*** DATA SUPPLIED ***

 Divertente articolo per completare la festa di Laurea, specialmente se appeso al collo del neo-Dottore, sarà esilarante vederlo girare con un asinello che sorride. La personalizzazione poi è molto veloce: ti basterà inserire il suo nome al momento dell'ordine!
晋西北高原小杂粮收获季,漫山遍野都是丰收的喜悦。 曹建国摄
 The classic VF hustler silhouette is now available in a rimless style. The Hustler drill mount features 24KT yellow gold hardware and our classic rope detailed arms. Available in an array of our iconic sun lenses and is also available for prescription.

***
*** DATA SUPPLIED ***

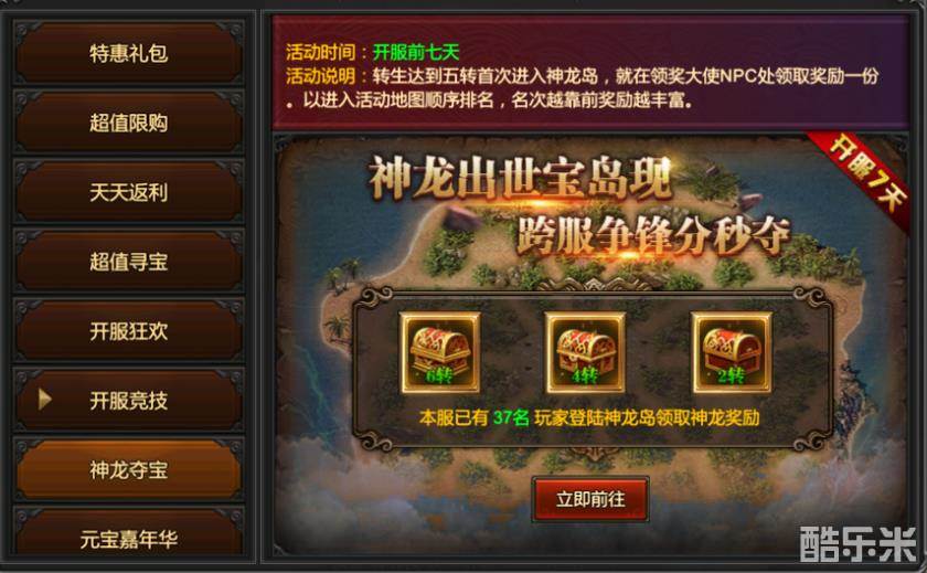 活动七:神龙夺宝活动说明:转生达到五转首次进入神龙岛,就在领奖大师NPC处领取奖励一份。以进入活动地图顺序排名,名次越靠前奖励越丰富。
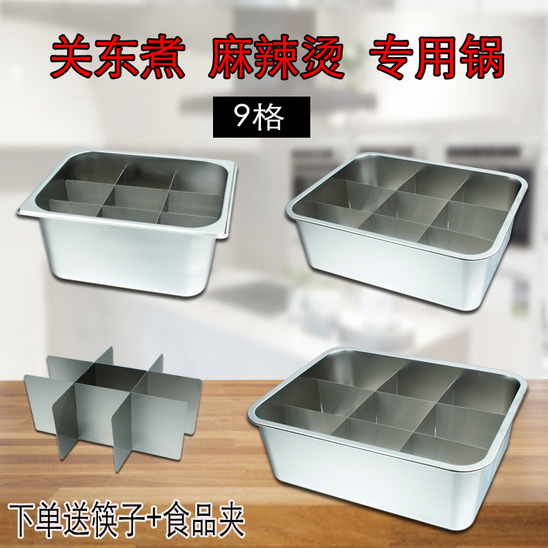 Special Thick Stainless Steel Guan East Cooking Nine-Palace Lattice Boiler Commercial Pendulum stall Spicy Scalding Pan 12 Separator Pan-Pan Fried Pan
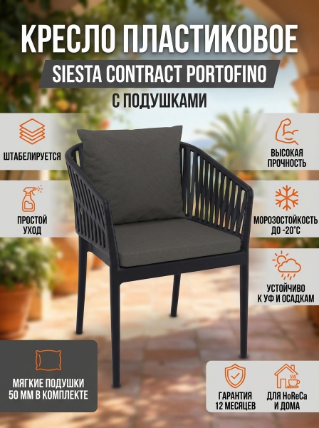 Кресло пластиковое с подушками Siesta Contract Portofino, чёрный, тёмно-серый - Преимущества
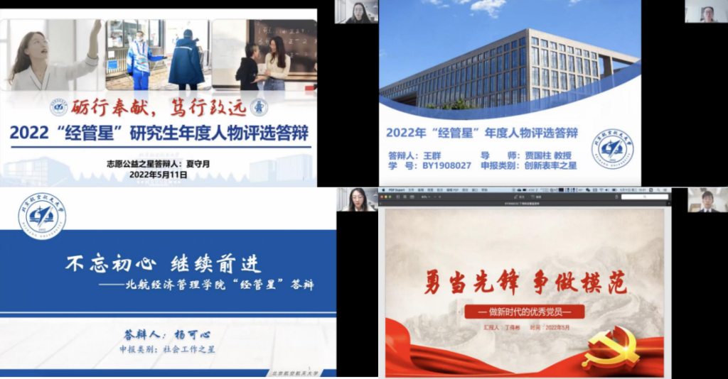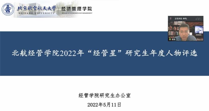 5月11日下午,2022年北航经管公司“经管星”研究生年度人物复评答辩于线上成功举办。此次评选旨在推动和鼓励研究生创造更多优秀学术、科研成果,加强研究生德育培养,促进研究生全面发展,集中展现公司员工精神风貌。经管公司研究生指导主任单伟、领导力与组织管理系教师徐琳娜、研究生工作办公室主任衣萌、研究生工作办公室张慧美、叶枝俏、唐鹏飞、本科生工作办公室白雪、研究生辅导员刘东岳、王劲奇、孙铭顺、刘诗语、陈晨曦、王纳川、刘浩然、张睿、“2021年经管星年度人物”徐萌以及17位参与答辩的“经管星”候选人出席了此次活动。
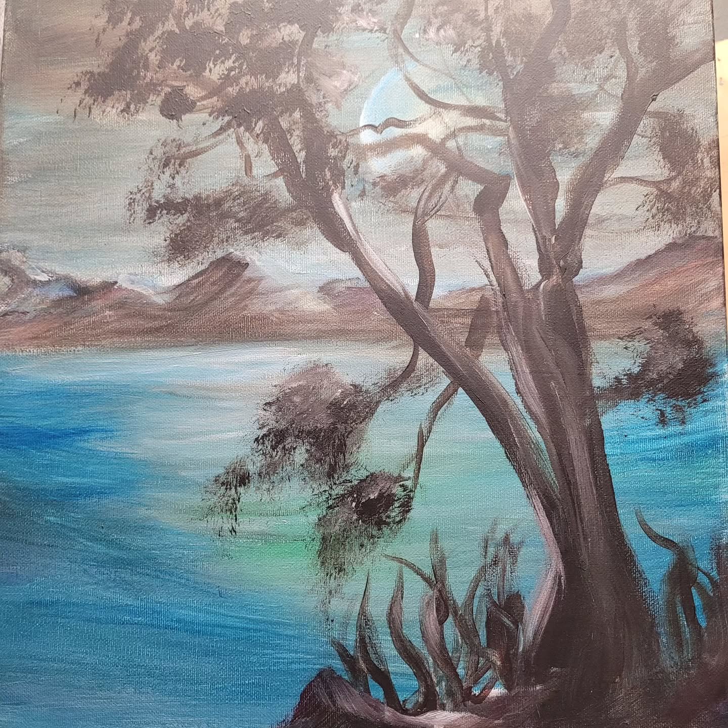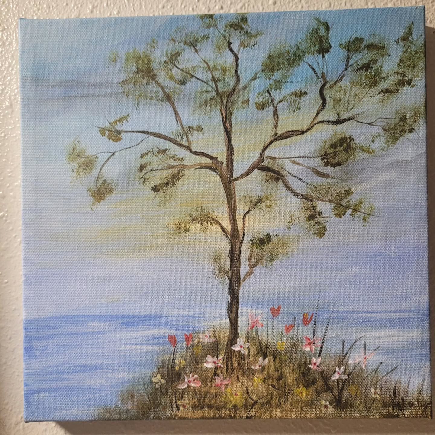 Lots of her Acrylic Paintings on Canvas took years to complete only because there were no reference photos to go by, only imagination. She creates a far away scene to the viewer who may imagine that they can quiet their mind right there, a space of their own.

***

__WORK TASK__.
Looking at the data above, write out exactly the lines that start at the one containing "晋西北高原小杂粮收获季,漫山遍野都是丰收的喜悦。 曹建国摄" and end at the one containing "The classic VF"; include both and nothing beyond.

__FINAL ANSWER__.
晋西北高原小杂粮收获季,漫山遍野都是丰收的喜悦。 曹建国摄
 The classic VF hustler silhouette is now available in a rimless style. The Hustler drill mount features 24KT yellow gold hardware and our classic rope detailed arms. Available in an array of our iconic sun lenses and is also available for prescription.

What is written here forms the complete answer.